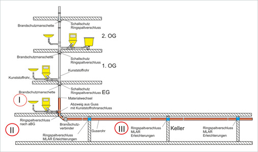 In einem Gebäudeentwässerungssystem werden häufig Kunststoffrohre als Anschlussleitung in Verbindung mit Gussrohr im Fallstrang eingesetzt. In diesem Fall kommen die brandschutztechnischen Anforderungen an eine Mischinstallation zum Tragen (Nachweis Ausführung als aBG: allgemeine Bauartgenehmigung, Nachweis Produkt als abZ: allgemeine bauaufsichtliche Zulassung). Bild 2 zeigt eine typische Mischinstallation, abgeschottet mit Brandschutzverbindern und Ringspaltverschlüssen im Deckenbereich.
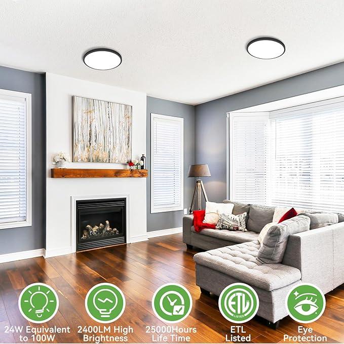 - [High Performance,Low Energy] Our integrated LED ceiling lamps eliminate the need for bulbs. With just 24W, they produce 2400 lumens of brightness at 110V, equivalent to a conventional 200W four-bulb light (40W each). Enjoy up to 90% energy savings, reducing electricity usage and minimizing lamp replacements (Non-dimmable)
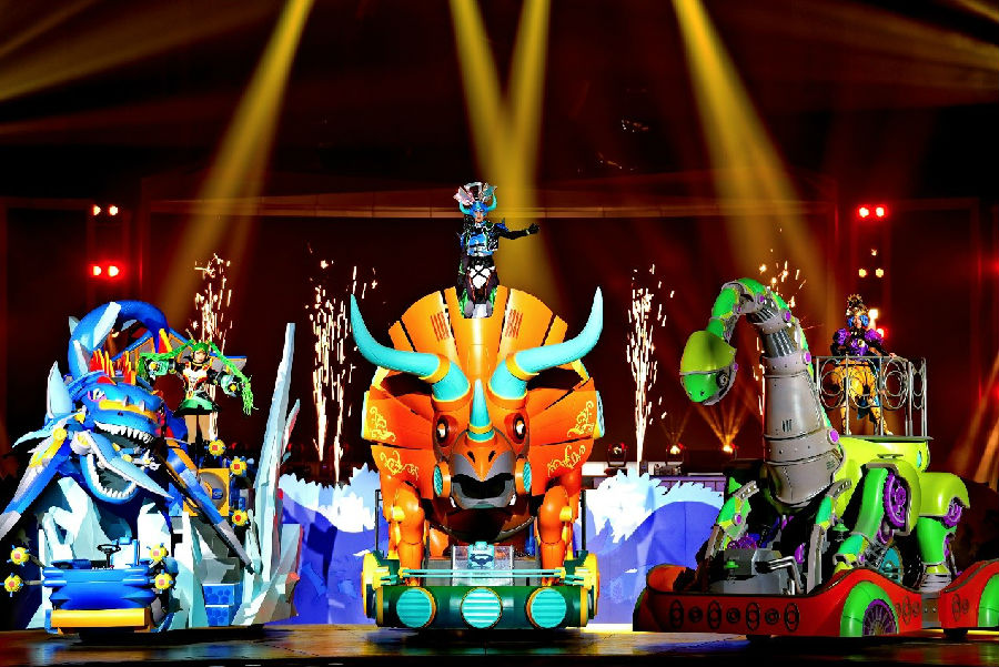 自貢方特三大“機甲恐龍”花車震撼上新,廈門方特也將上演恢弘大氣的千人漢服巡游;邯鄲方特“漢服游園會”“九曲燈游會”帶游客領略夜色古邯鄲的光影繁華;贛州方特則以舞獅、戰鼓、篝火、巡游等活動為游客新年祈福。
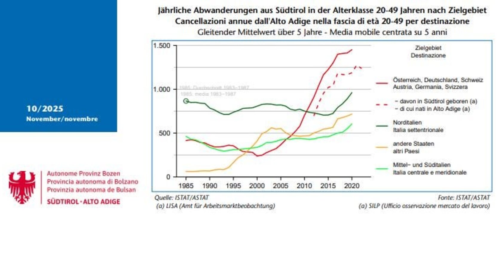 BOZEN (LPA). Der Trend ist klar: Immer mehr junge Menschen mit guter Ausbildung verlassen Südtirol – häufig in Richtung Österreich, Deutschland oder Italien: „Vor 15 Jahren sind in einem Fünfjahreszeitraum noch höchstens 1.500 Südtiroler und Südtirolerinnen der Altersgruppe 20 bis 49 Jahre in eines der deutschsprachigen Nachbarländer ausgewandert; inzwischen sind es rund 7.000 Personen“, erläutert Stefan Luther, der Direktor des Arbeitsmarktservice Südtirol.
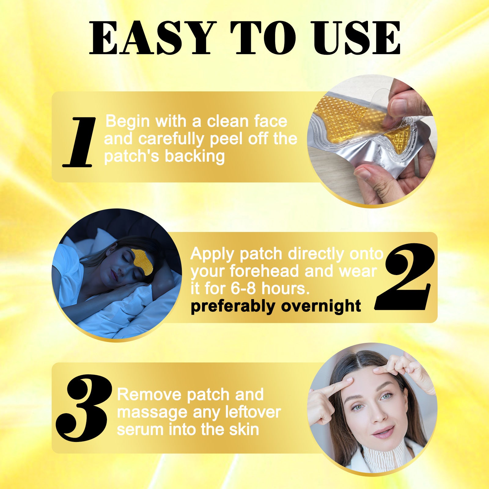 Easy to Use: Begin with a clean face and carefully peel off the patch's backing, Apply patch directly onto your forehead and wear it for 30-60 minutes.. Remove patch and massage any leftover serum into the skin.
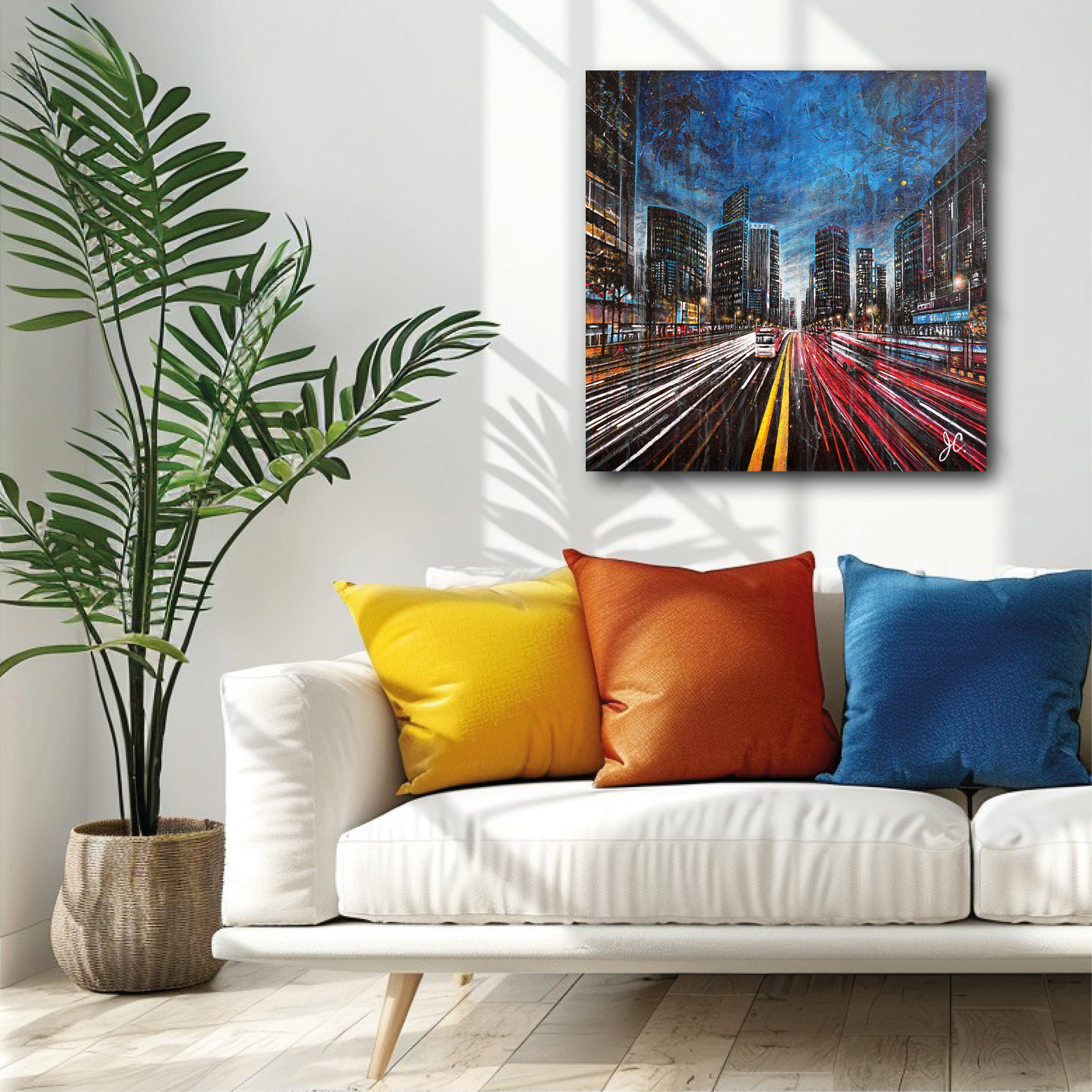 Vous hésitez à acheter un de mes tableaux, car vous n’êtes pas certain de celui qui irait le mieux dans votre décor? J’offre le service de visualisation pour mes clients qui souhaitent avoir un aperçu des œuvres dans leur espace.
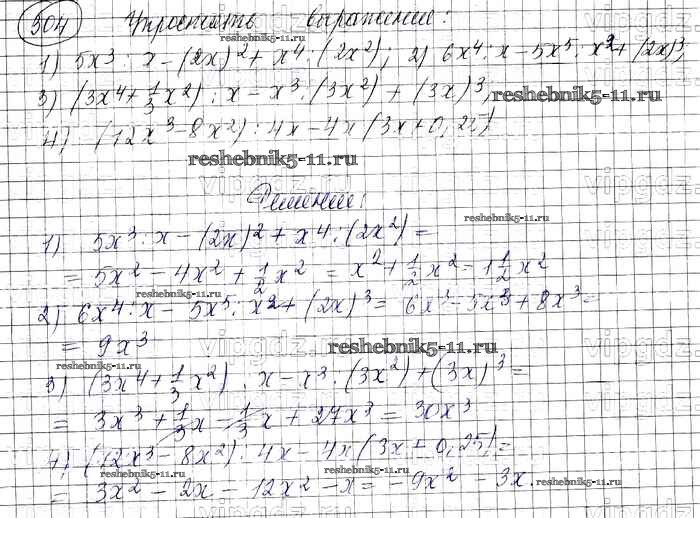 Готовая домашняя работа с ответами по Алгебре за 7 класс Колягин, Ткачева, Федорова, Шабунин Учебник УМК Просвещение 2012 ФГОС - Упражнения 304
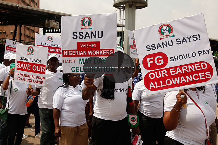 Nigerian workers gather for the International Workers' Day at the eagles square in Abuja. May 1st is a day set aside to celebrate the achievement of workers globally. Nigeria.
━━━━━━
PROBLEM REQUIREMENTS
For your answer, write out the data exactly and drop every picture.

RESULT FOR THIS EXERCISE
 In einem Gebäudeentwässerungssystem werden häufig Kunststoffrohre als Anschlussleitung in Verbindung mit Gussrohr im Fallstrang eingesetzt. In diesem Fall kommen die brandschutztechnischen Anforderungen an eine Mischinstallation zum Tragen (Nachweis Ausführung als aBG: allgemeine Bauartgenehmigung, Nachweis Produkt als abZ: allgemeine bauaufsichtliche Zulassung). Bild 2 zeigt eine typische Mischinstallation, abgeschottet mit Brandschutzverbindern und Ringspaltverschlüssen im Deckenbereich.
 - [High Performance,Low Energy] Our integrated LED ceiling lamps eliminate the need for bulbs. With just 24W, they produce 2400 lumens of brightness at 110V, equivalent to a conventional 200W four-bulb light (40W each). Enjoy up to 90% energy savings, reducing electricity usage and minimizing lamp replacements (Non-dimmable)
 自貢方特三大“機甲恐龍”花車震撼上新,廈門方特也將上演恢弘大氣的千人漢服巡游;邯鄲方特“漢服游園會”“九曲燈游會”帶游客領略夜色古邯鄲的光影繁華;贛州方特則以舞獅、戰鼓、篝火、巡游等活動為游客新年祈福。
 BOZEN (LPA). Der Trend ist klar: Immer mehr junge Menschen mit guter Ausbildung verlassen Südtirol – häufig in Richtung Österreich, Deutschland oder Italien: „Vor 15 Jahren sind in einem Fünfjahreszeitraum noch höchstens 1.500 Südtiroler und Südtirolerinnen der Altersgruppe 20 bis 49 Jahre in eines der deutschsprachigen Nachbarländer ausgewandert; inzwischen sind es rund 7.000 Personen“, erläutert Stefan Luther, der Direktor des Arbeitsmarktservice Südtirol.
 Easy to Use: Begin with a clean face and carefully peel off the patch's backing, Apply patch directly onto your forehead and wear it for 30-60 minutes.. Remove patch and massage any leftover serum into the skin.
 Vous hésitez à acheter un de mes tableaux, car vous n’êtes pas certain de celui qui irait le mieux dans votre décor? J’offre le service de visualisation pour mes clients qui souhaitent avoir un aperçu des œuvres dans leur espace.
 Готовая домашняя работа с ответами по Алгебре за 7 класс Колягин, Ткачева, Федорова, Шабунин Учебник УМК Просвещение 2012 ФГОС - Упражнения 304
 Nigerian workers gather for the International Workers' Day at the eagles square in Abuja. May 1st is a day set aside to celebrate the achievement of workers globally. Nigeria.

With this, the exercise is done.